Oct 17, 2015 | Hollywood High School is expected to become the first non-university campus to host a Spanish language resource center in partnership with the Spanish government this fall.
The school’s principal Alejandra Sanchez joined Hilda Maldonado, executive director of the LAUSD’s Multilingual and Multicultural Education Department, and Maria José Fabre González, education counselor from the Embassy of Spain’s Education Office, in signing an agreement of collaboration, which paved the way for a new partnership between the District and Spain’s Ministry of Education.
The new Spanish Language Resource Center will offer support to educators, parents, students, and others interested in teaching or learning about the Spanish language. The center — which will be accessible directly from the street on the west side of the campus — is expected to offer an extensive library, including didactic materials, literature, encyclopedias, books, videos, online materials, and and teacher training courses. The center will also be involved in organizing cultural events related to the Spanish language and culture for faculty enrichment and cultural exchange.
“We are excited about this effort as a way to nurture and cultivate a world language program that allows students not only to study but really experience languages multidimensionally,” Sanchez said. “This is not just for Hollywood High School … We are opening the program to neighboring high schools such as Fairfax and Bernstein, as well as our feeder middle schools, which are already offering strong programs in Spanish and Mandarin Chinese. This helps strengthen school families as well as inter-school partnerships.”

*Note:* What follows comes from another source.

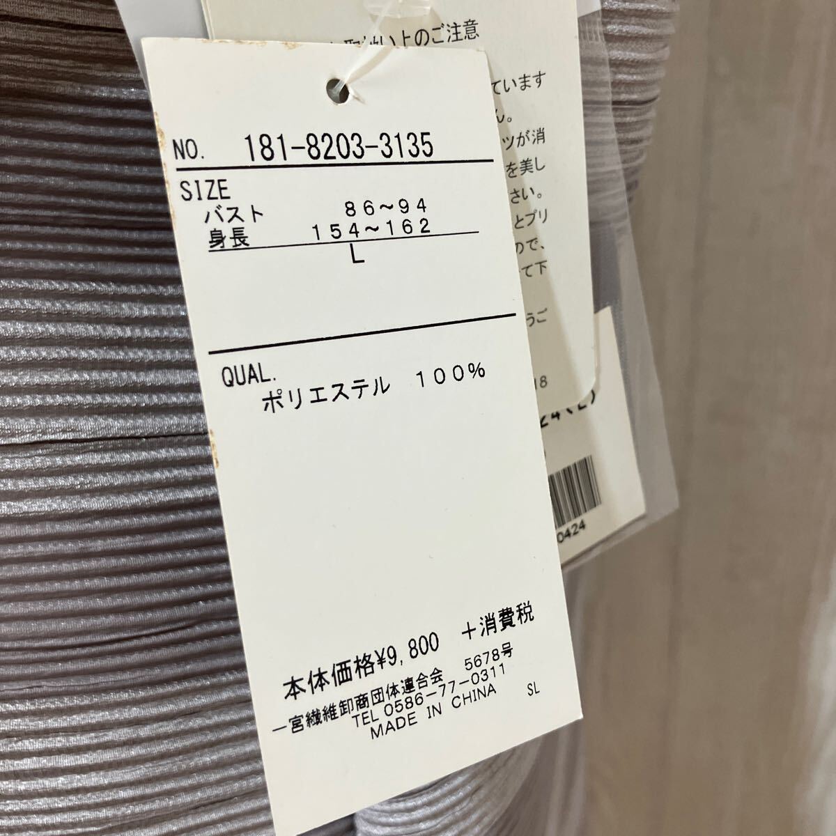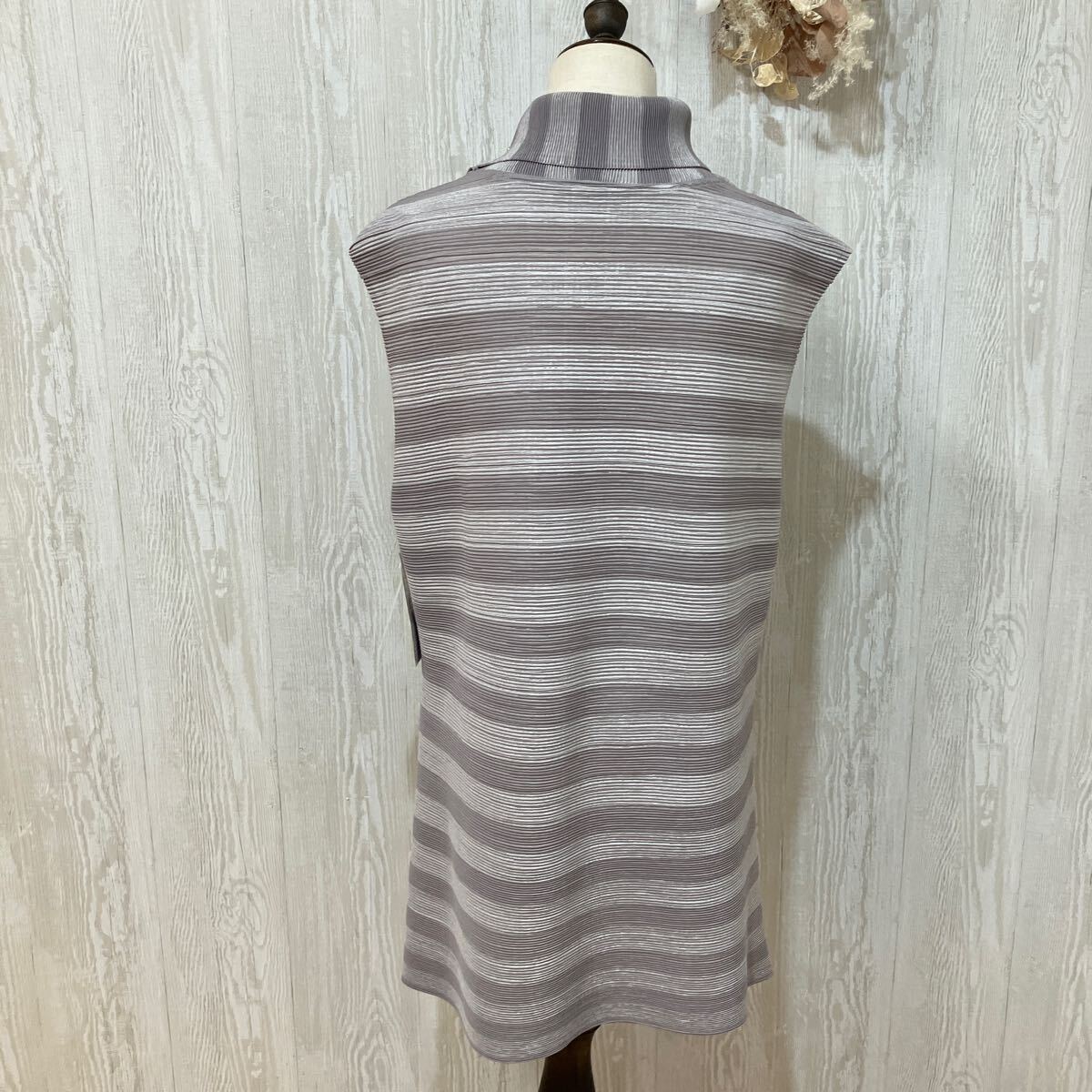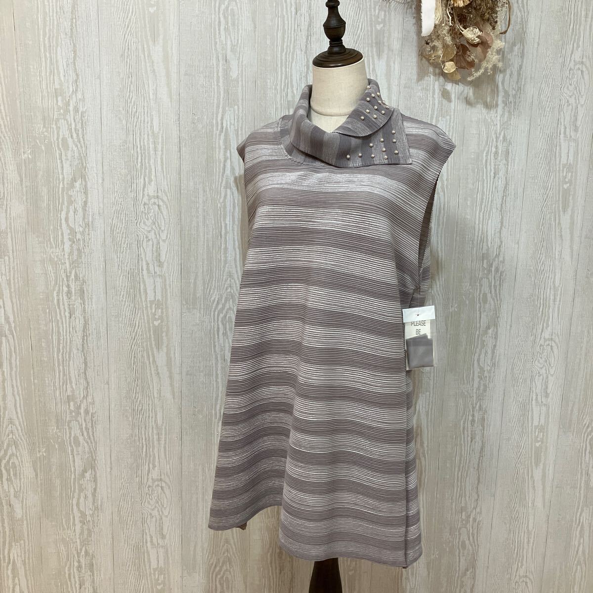 新品 タグ付 プリーツ ロング カットソー ノースリーブ collezione di moda Lサイズ ライトグレー パール ロールネック ミセス レディース

“I believe that the presence of the resource center here is going to be like a seed we are planting from which cultural activities will begin to grow,” said Fabre González in Spanish. “We need to take advantage of circumstances that will allow us to unite forces and cultures. We are not talking about just one part of the population but bringing together Spanish-speaking cultures across the world.”
Maldonado noted that the facility will be open in the evening and will be accessible from the street, promoting a sense of community around language education.
“This agreement of collaboration will provide the space, books, videos, and other resources that teachers, parents, and others can use to enhance the education of students in the Spanish language,” Maldonado said.
The new resource center is expected to be opened at the school in about a month’s time accompanied by an opening ceremony.